Segment Start: Task material

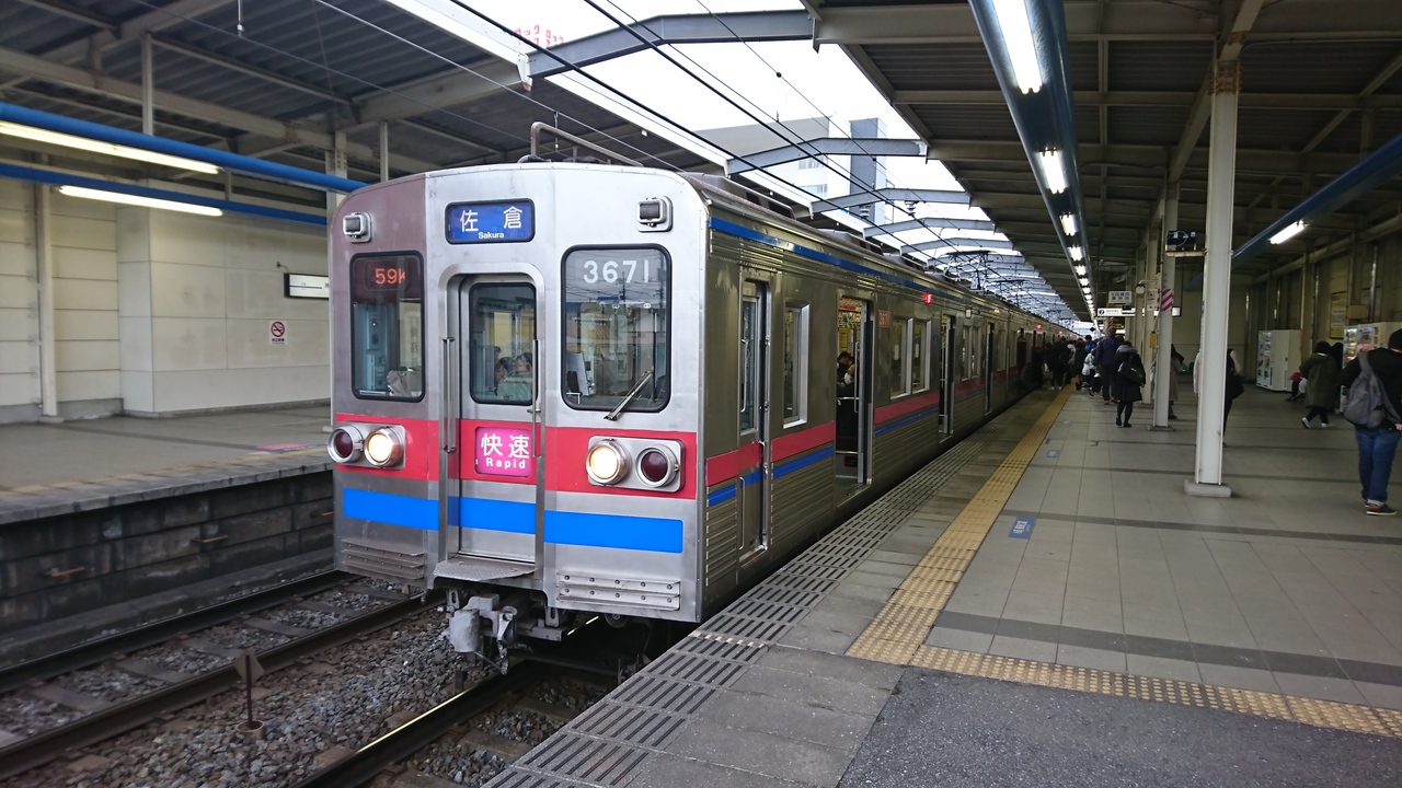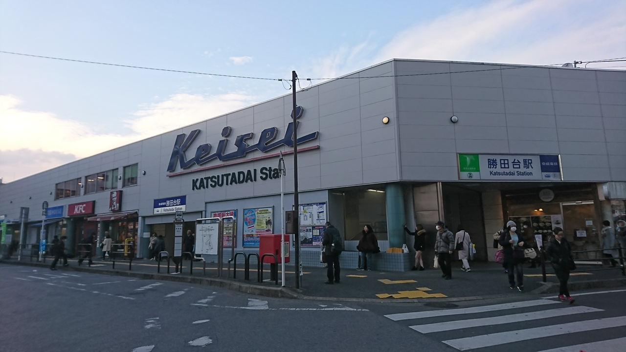 八千代市東部に位置する京成本線の駅で、特急や快速特急、通勤特急の停車駅であり、東葉高速線との乗換駅です。乗降客は6万人近くで、駅舎には大きく「keisei」と書かれているなど堂々としています。改札口は地下と上野方面へのホームに直進できるものがあり、地下では東葉高速線の改札口が目の前にあります。駅を出ると、京成グループのスーパーと遊戯店がどーんと構えており、赤い東洋バスと青い京成バスが目立ちます。東葉高速線から成田空港へのアクセス機能も果たしており、スーツケースを持った方もよく見かけます。
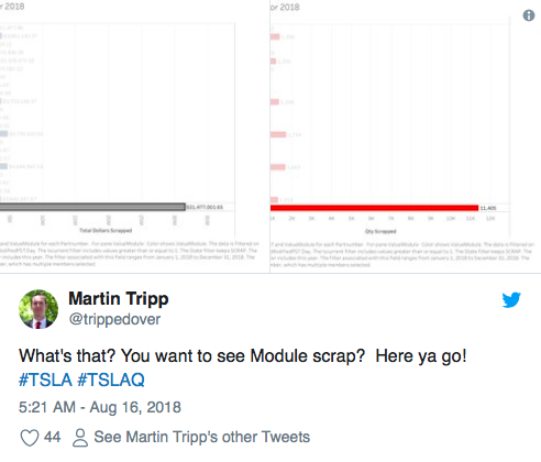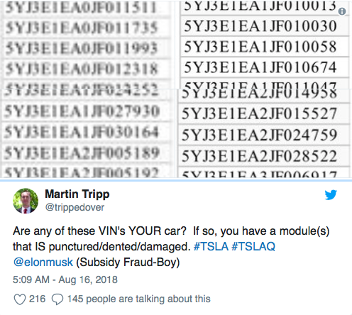 Tripp表示特斯拉的超級(jí)工廠在制造工藝上走了危險(xiǎn)捷徑,而馬斯克對(duì)此是直接知情的,但并未進(jìn)行干預(yù)。他在推文中寫道,列出的車輛識(shí)別號(hào)碼指的是采用了受損電池的具體車輛,這些受損電池根本不應(yīng)當(dāng)被安裝在車輛中。這是一系列推文中的第一條:
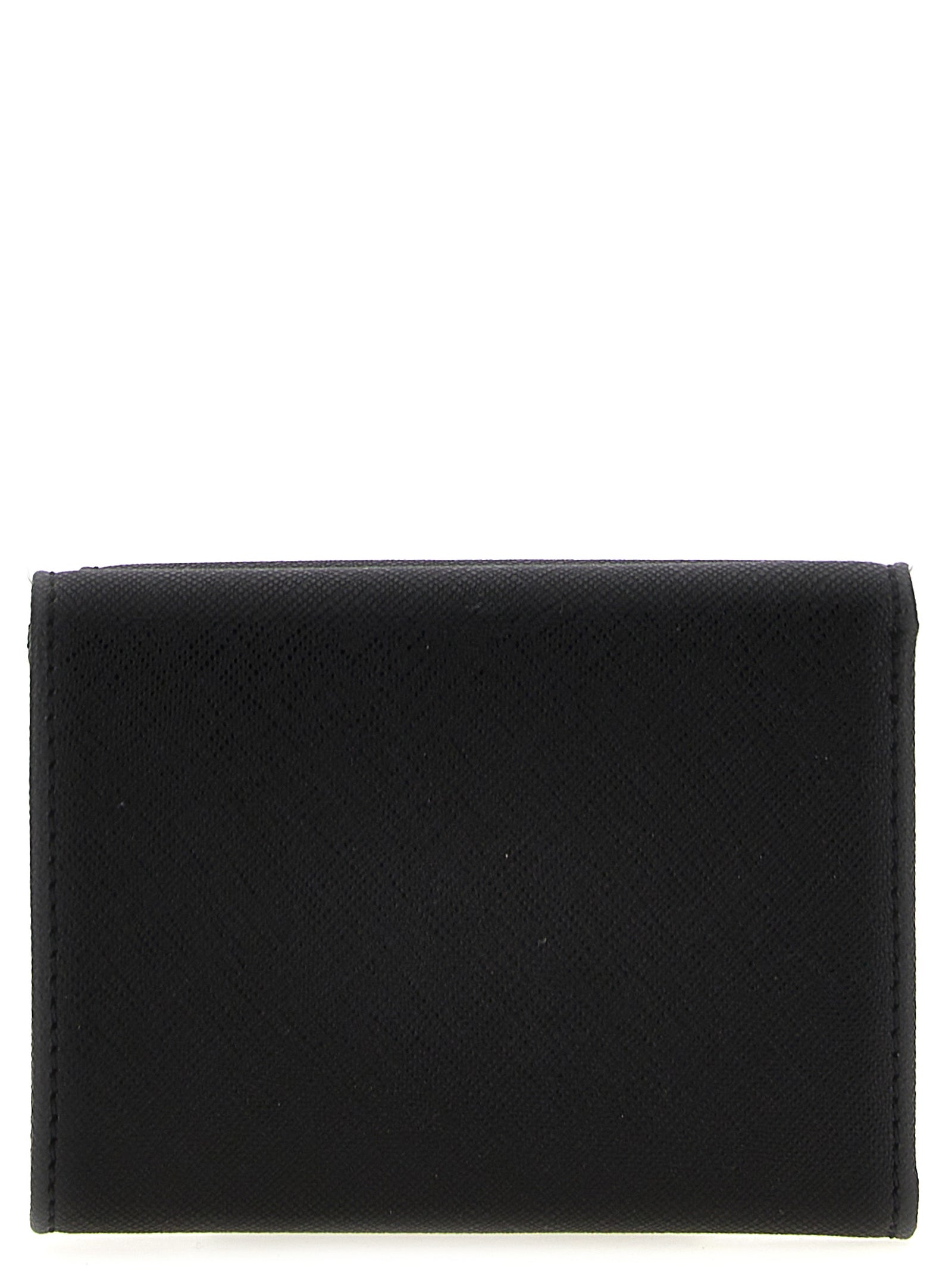 'Small Flap Purse' wallet in Saffiano-effect fabric, front metal Orb logo pocket, snap button closure, snap button closure.
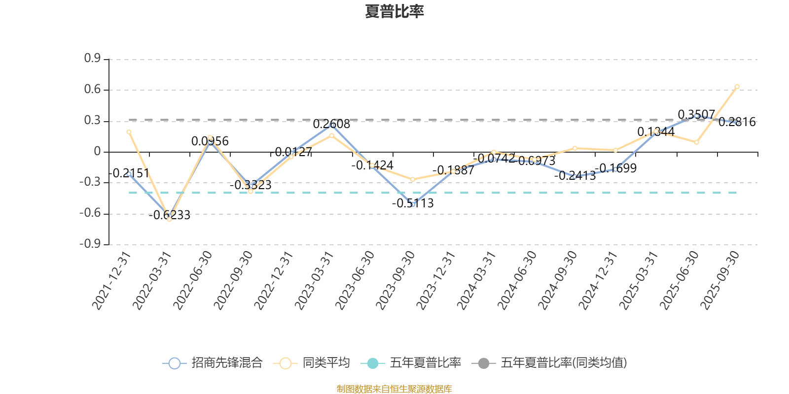 截至9月30日,基金近三年夏普比率为0.0328,位于同类可比基金1153/1285。
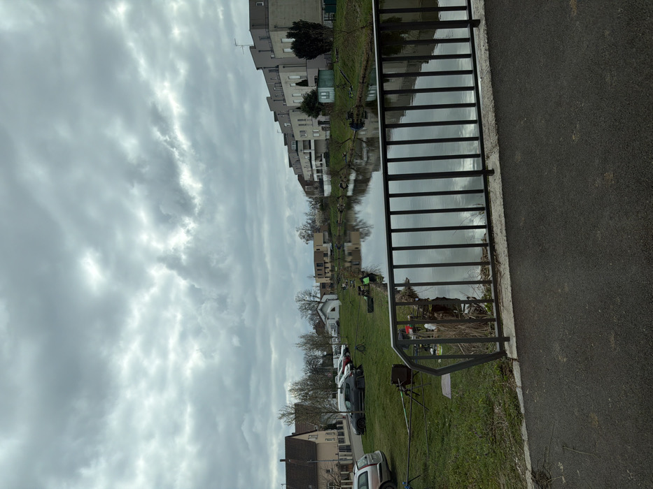 The image depicts a tranquil urban waterway, identified as a river or canal, in Eschau, France, on an overcast day. The scene is observed from a bridge or elevated path, with a dark, vertical-barred metal railing prominent in the foreground. The sky is largely covered by diffuse grey clouds. Along both grassy banks of the water, several individuals are engaged in fishing. On the left bank, at least two fishing setups are visible, each consisting of multiple rods positioned on tripods or stands, accompanied by chairs. A silver station wagon and several dark-colored sedans are parked on the grassy area adjacent to a paved road on this bank. Further left, a traditional-style house with a reddish-brown tiled roof is partially visible, while more modern buildings are present further back. On the right bank, similar fishing setups with rods and chairs are observed. At least two distinct fishing stations are identifiable, with figures seated near the water's edge. This bank is lined with a row of modern, multi-story residential buildings featuring light-colored facades and balconies, reflecting in the calm water. Sparse trees and bushes are interspersed along both banks. The water itself is dark and reflects the cloudy sky and the surrounding buildings.
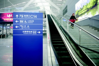 窗口地区的指引标识应设在醒目位置。(资料片) 张晓鹏 摄
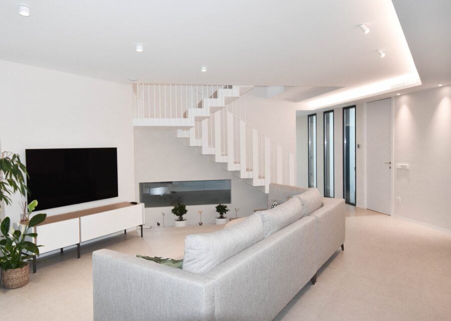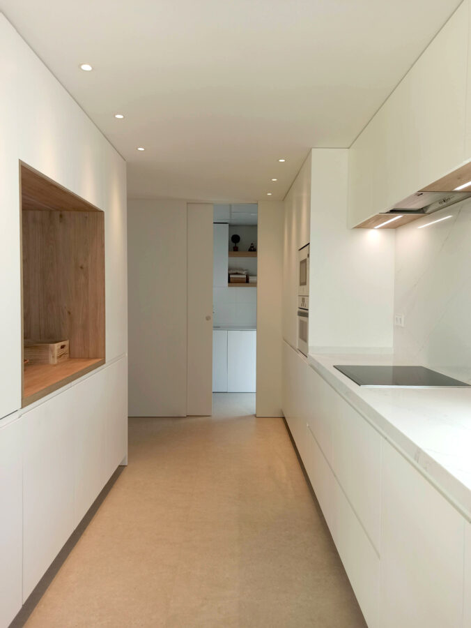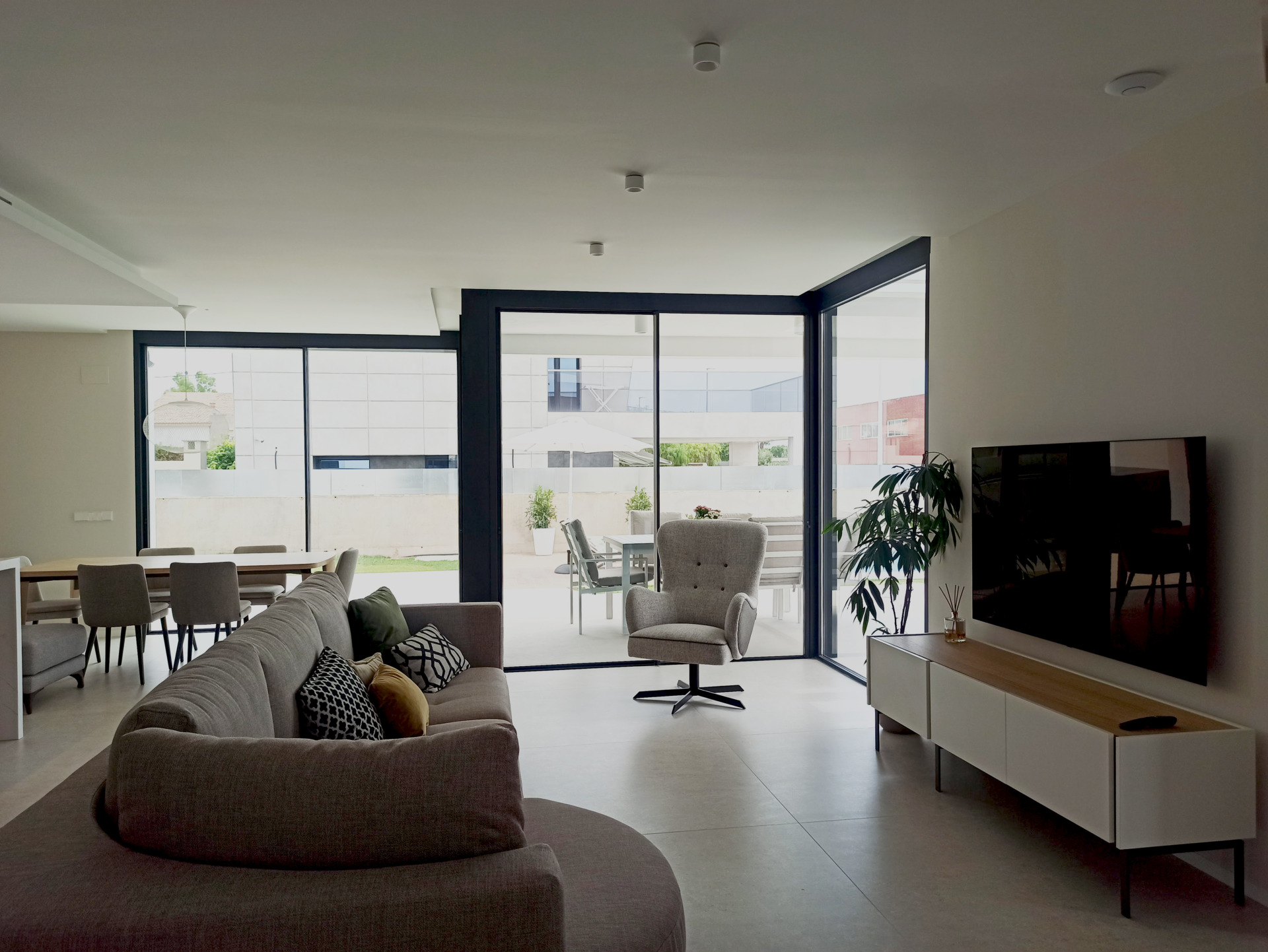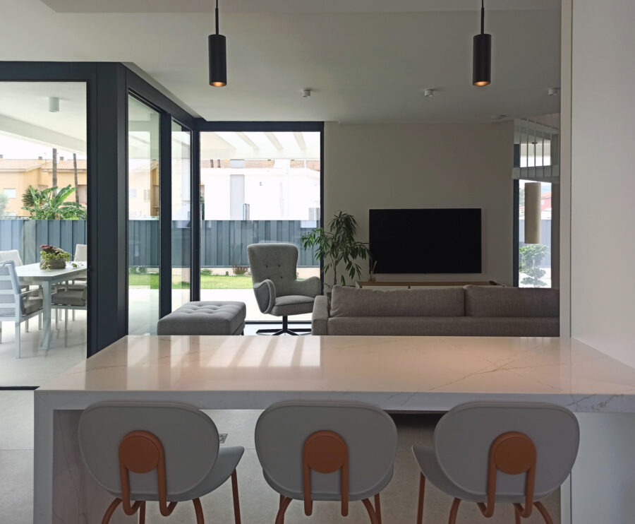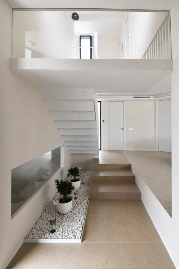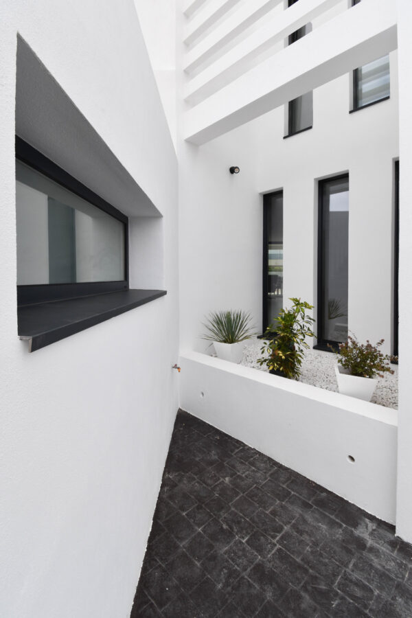 Destaca el hall de entrada a la vivienda, donde aparece la escalera, situada en la rótula de la L. Este espacio genera la conexión visual entre los espacios interiores abiertos y de gran luminosidad, provocados por las grandes aberturas en fachada para la conexión interior-exterior

Segment End: Task material

_What the task requires_
Write the listing out exactly, word for word, but omit the pictures.

_Output below_
 八千代市東部に位置する京成本線の駅で、特急や快速特急、通勤特急の停車駅であり、東葉高速線との乗換駅です。乗降客は6万人近くで、駅舎には大きく「keisei」と書かれているなど堂々としています。改札口は地下と上野方面へのホームに直進できるものがあり、地下では東葉高速線の改札口が目の前にあります。駅を出ると、京成グループのスーパーと遊戯店がどーんと構えており、赤い東洋バスと青い京成バスが目立ちます。東葉高速線から成田空港へのアクセス機能も果たしており、スーツケースを持った方もよく見かけます。
 Tripp表示特斯拉的超級(jí)工廠在制造工藝上走了危險(xiǎn)捷徑,而馬斯克對(duì)此是直接知情的,但并未進(jìn)行干預(yù)。他在推文中寫道,列出的車輛識(shí)別號(hào)碼指的是采用了受損電池的具體車輛,這些受損電池根本不應(yīng)當(dāng)被安裝在車輛中。這是一系列推文中的第一條:
 'Small Flap Purse' wallet in Saffiano-effect fabric, front metal Orb logo pocket, snap button closure, snap button closure.
 截至9月30日,基金近三年夏普比率为0.0328,位于同类可比基金1153/1285。
 The image depicts a tranquil urban waterway, identified as a river or canal, in Eschau, France, on an overcast day. The scene is observed from a bridge or elevated path, with a dark, vertical-barred metal railing prominent in the foreground. The sky is largely covered by diffuse grey clouds. Along both grassy banks of the water, several individuals are engaged in fishing. On the left bank, at least two fishing setups are visible, each consisting of multiple rods positioned on tripods or stands, accompanied by chairs. A silver station wagon and several dark-colored sedans are parked on the grassy area adjacent to a paved road on this bank. Further left, a traditional-style house with a reddish-brown tiled roof is partially visible, while more modern buildings are present further back. On the right bank, similar fishing setups with rods and chairs are observed. At least two distinct fishing stations are identifiable, with figures seated near the water's edge. This bank is lined with a row of modern, multi-story residential buildings featuring light-colored facades and balconies, reflecting in the calm water. Sparse trees and bushes are interspersed along both banks. The water itself is dark and reflects the cloudy sky and the surrounding buildings.
 窗口地区的指引标识应设在醒目位置。(资料片) 张晓鹏 摄
 Destaca el hall de entrada a la vivienda, donde aparece la escalera, situada en la rótula de la L. Este espacio genera la conexión visual entre los espacios interiores abiertos y de gran luminosidad, provocados por las grandes aberturas en fachada para la conexión interior-exterior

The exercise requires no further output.